» Description of the task: Please copy the lines below, exactly as they are, from the one with "Selected from thousands" through the one with "2. Schlafzimmer mit", and leave out the pictures.

##### Record set

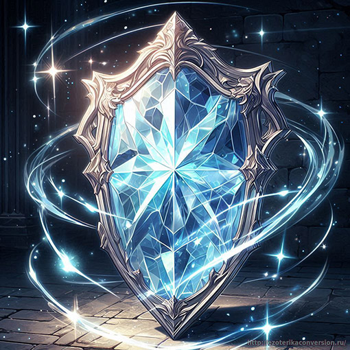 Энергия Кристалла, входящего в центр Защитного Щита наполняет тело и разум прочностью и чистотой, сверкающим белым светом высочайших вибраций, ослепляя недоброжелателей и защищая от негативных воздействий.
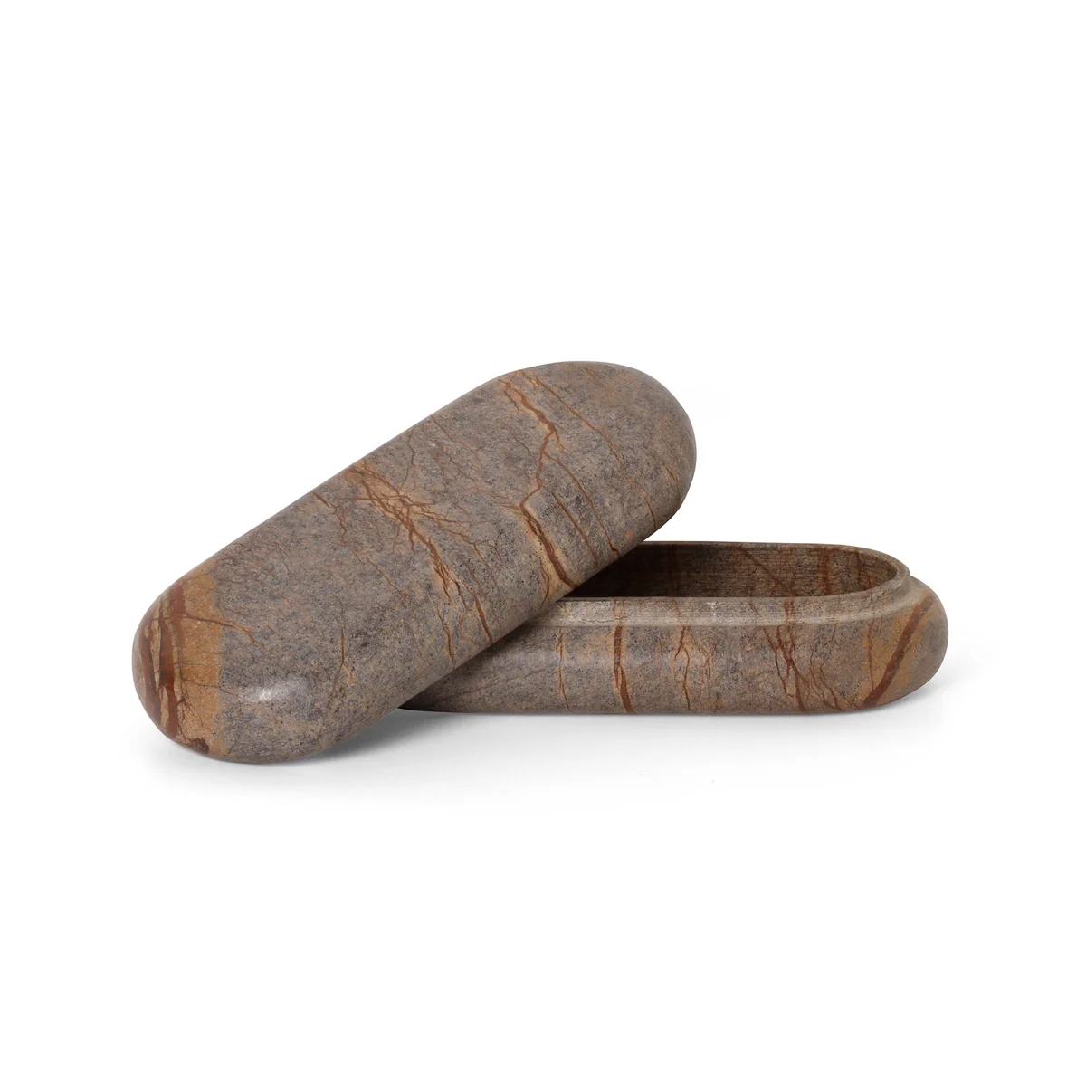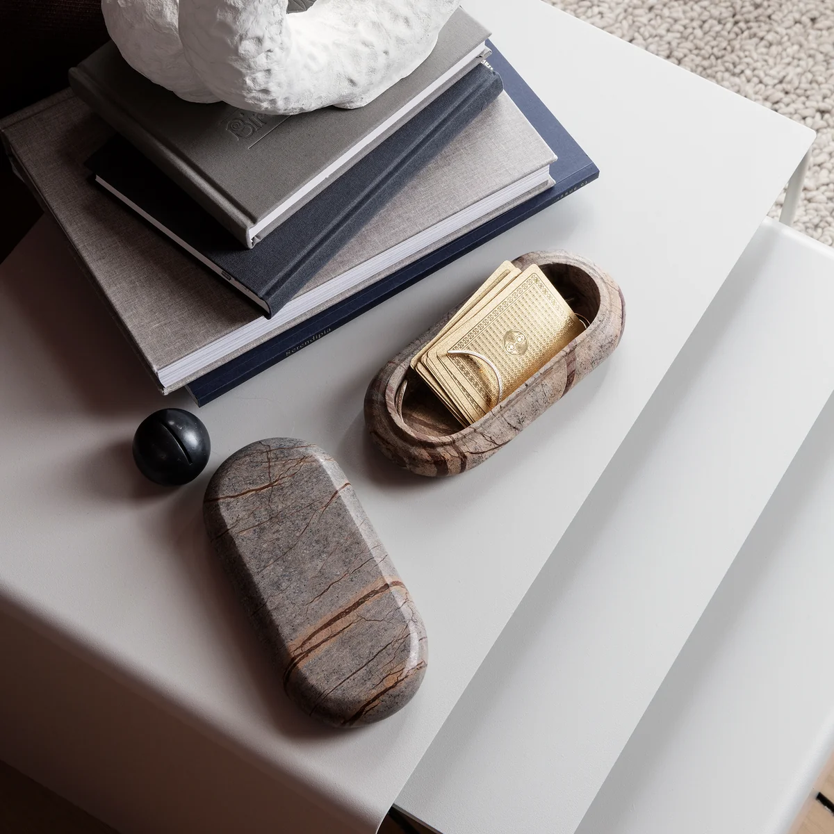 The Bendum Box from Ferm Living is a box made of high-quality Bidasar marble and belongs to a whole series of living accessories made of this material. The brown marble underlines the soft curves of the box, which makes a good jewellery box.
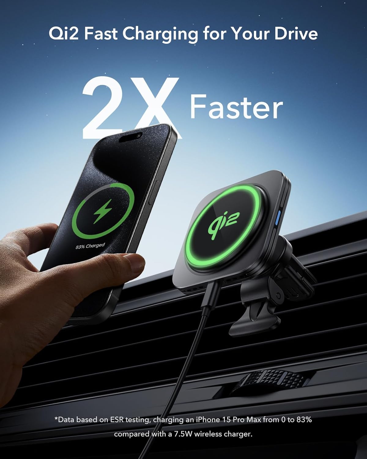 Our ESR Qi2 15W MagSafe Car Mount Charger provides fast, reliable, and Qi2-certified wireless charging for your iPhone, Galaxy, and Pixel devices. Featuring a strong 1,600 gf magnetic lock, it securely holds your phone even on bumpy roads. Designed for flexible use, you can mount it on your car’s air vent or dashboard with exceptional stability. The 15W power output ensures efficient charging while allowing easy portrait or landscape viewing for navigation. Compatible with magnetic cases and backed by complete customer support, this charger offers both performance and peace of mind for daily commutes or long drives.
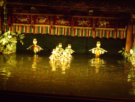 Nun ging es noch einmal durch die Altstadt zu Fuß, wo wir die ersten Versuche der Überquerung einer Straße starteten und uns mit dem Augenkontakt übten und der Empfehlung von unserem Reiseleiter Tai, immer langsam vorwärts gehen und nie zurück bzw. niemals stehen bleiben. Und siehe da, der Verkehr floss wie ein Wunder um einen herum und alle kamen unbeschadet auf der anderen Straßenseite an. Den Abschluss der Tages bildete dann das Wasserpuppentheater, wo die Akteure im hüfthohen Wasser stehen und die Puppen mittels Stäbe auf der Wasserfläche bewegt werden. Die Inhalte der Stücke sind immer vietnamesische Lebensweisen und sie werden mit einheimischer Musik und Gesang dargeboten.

##########
##### Record set

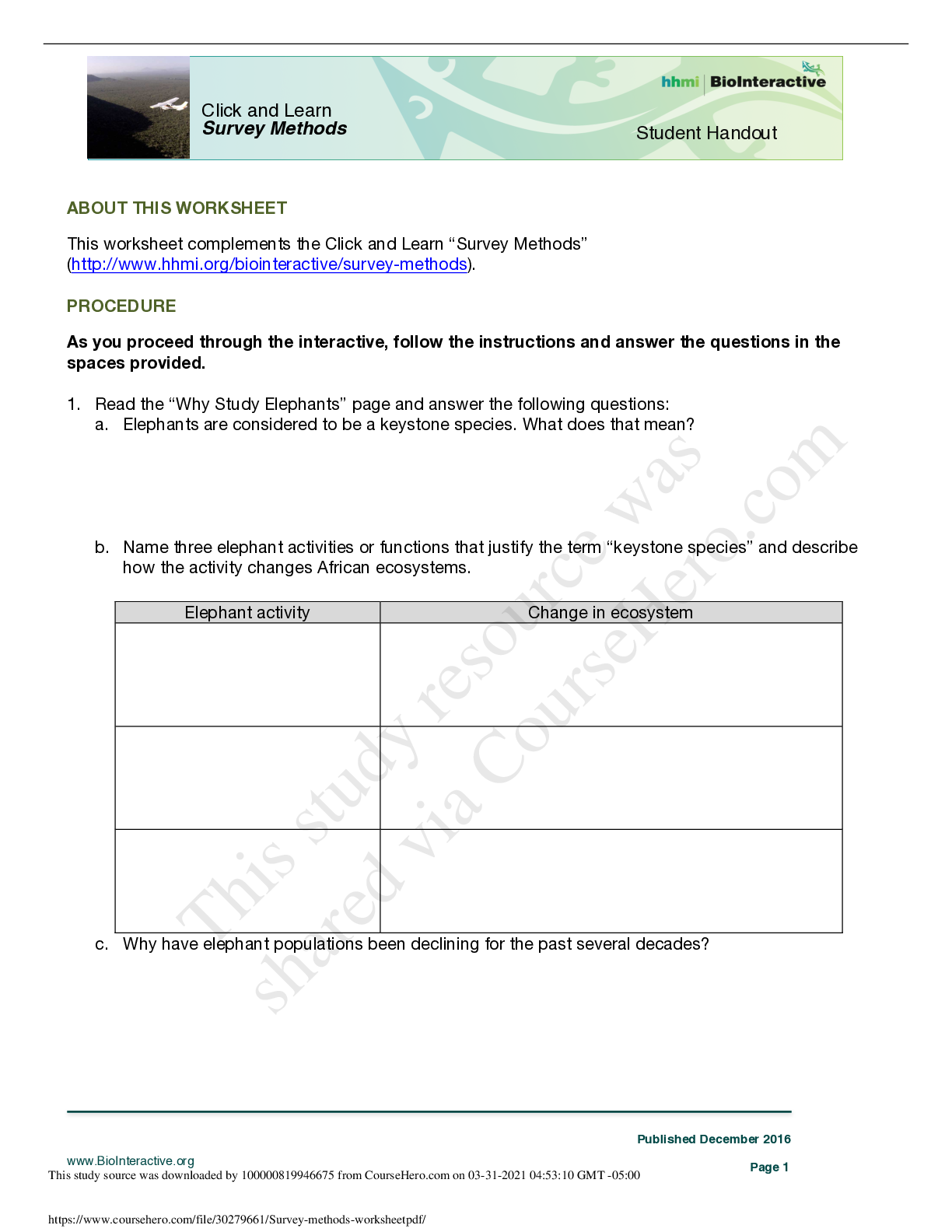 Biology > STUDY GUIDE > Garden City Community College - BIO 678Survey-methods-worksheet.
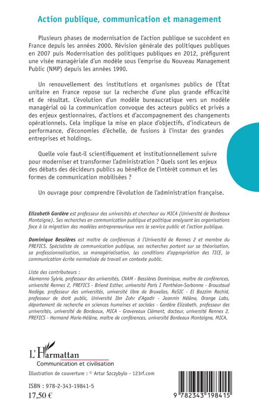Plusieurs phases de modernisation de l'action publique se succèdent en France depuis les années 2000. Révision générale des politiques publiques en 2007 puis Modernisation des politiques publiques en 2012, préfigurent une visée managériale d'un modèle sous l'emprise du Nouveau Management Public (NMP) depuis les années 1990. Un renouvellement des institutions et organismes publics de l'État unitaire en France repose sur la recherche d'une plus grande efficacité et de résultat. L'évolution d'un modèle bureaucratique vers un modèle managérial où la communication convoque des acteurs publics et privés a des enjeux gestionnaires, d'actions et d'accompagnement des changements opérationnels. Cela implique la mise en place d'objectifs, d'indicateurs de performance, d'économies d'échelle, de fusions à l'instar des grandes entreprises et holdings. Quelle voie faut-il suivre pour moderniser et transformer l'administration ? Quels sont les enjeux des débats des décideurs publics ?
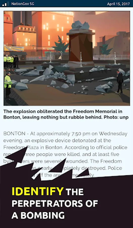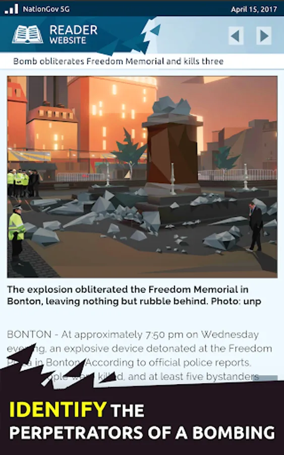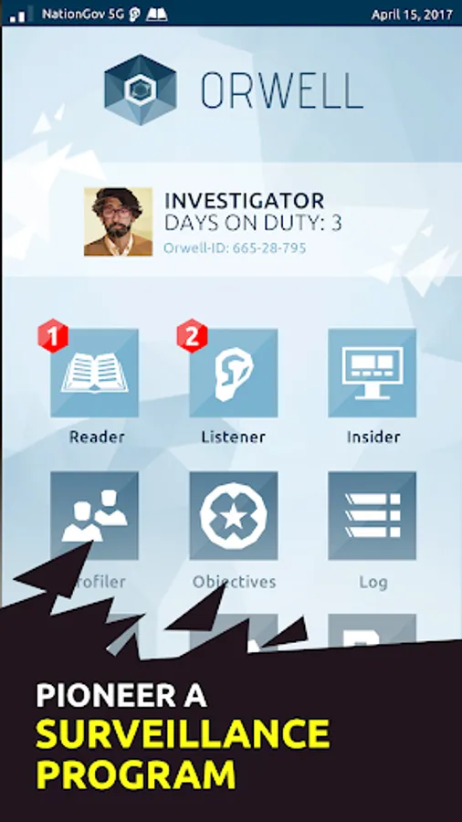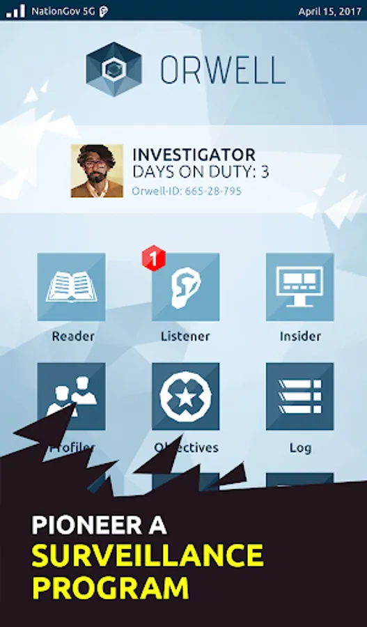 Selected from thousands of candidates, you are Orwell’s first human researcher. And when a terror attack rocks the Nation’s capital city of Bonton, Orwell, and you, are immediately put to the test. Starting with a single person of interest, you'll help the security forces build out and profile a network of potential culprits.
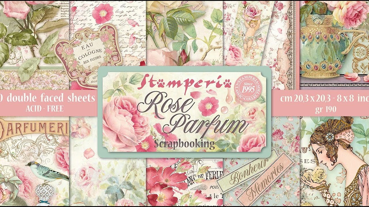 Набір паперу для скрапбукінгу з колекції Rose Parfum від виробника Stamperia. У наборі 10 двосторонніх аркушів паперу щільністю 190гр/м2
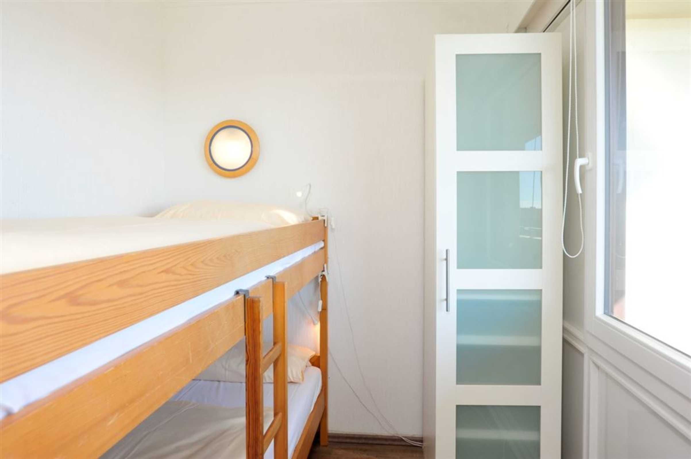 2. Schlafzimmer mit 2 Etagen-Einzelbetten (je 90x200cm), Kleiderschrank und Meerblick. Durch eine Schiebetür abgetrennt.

##########
##### Record set

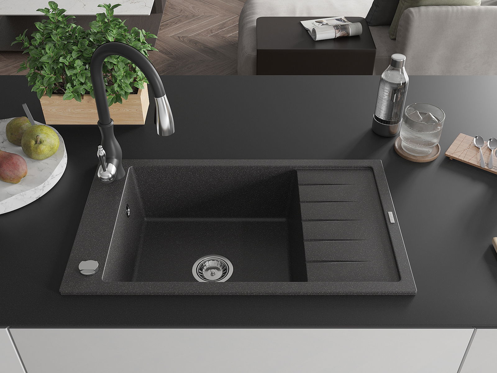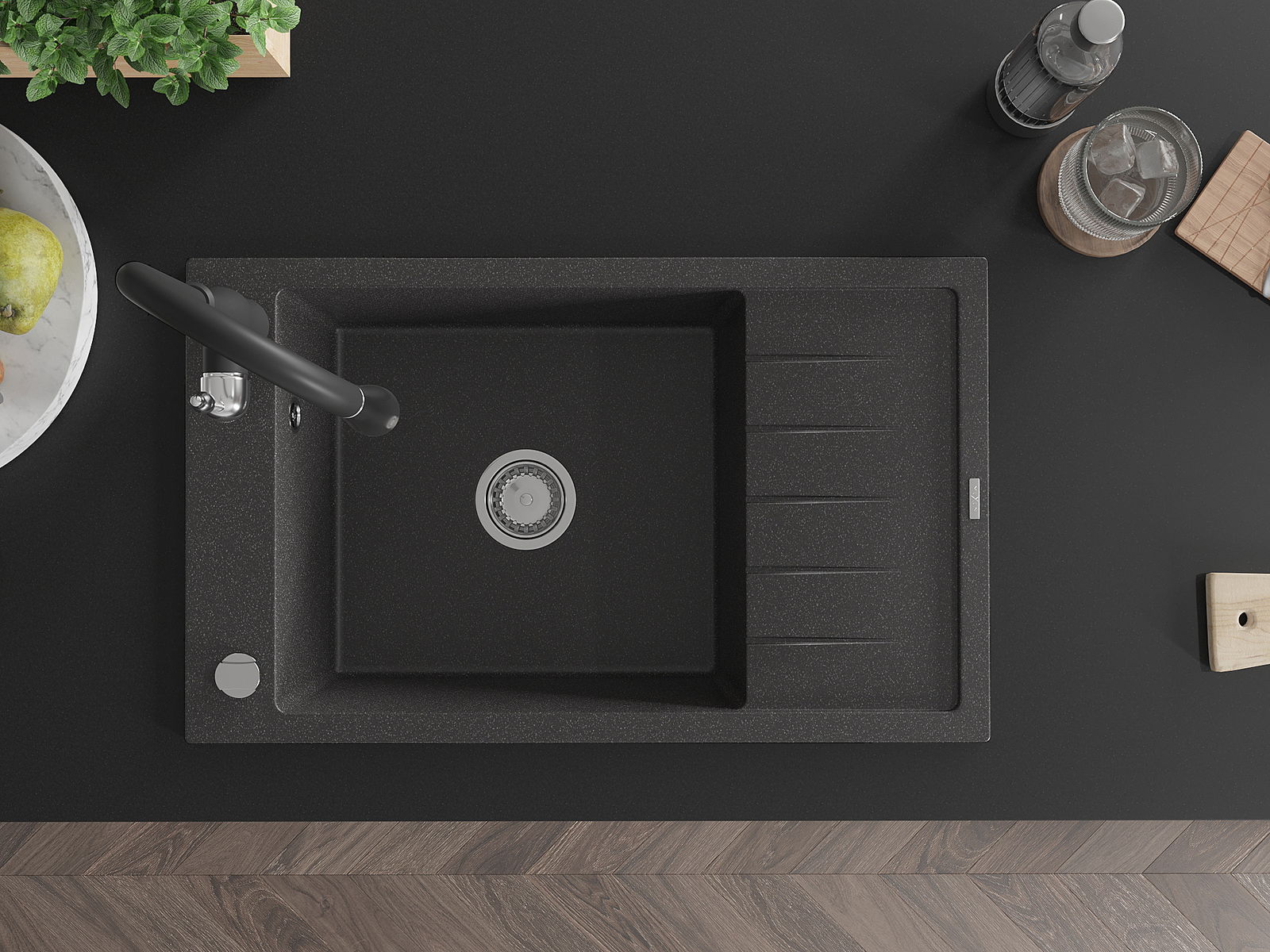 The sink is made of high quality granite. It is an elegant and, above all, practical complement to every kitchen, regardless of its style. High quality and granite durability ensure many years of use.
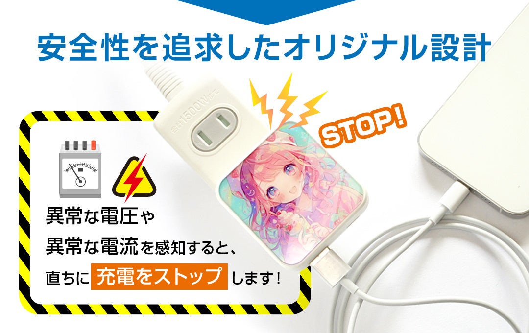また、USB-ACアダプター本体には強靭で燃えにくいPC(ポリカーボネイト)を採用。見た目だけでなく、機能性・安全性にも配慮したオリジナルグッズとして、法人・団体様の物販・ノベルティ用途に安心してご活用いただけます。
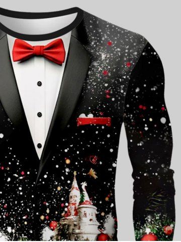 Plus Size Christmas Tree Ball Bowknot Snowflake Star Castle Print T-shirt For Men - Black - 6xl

##########

» Exercise answer:
 Selected from thousands of candidates, you are Orwell’s first human researcher. And when a terror attack rocks the Nation’s capital city of Bonton, Orwell, and you, are immediately put to the test. Starting with a single person of interest, you'll help the security forces build out and profile a network of potential culprits.
 Набір паперу для скрапбукінгу з колекції Rose Parfum від виробника Stamperia. У наборі 10 двосторонніх аркушів паперу щільністю 190гр/м2
 2. Schlafzimmer mit 2 Etagen-Einzelbetten (je 90x200cm), Kleiderschrank und Meerblick. Durch eine Schiebetür abgetrennt.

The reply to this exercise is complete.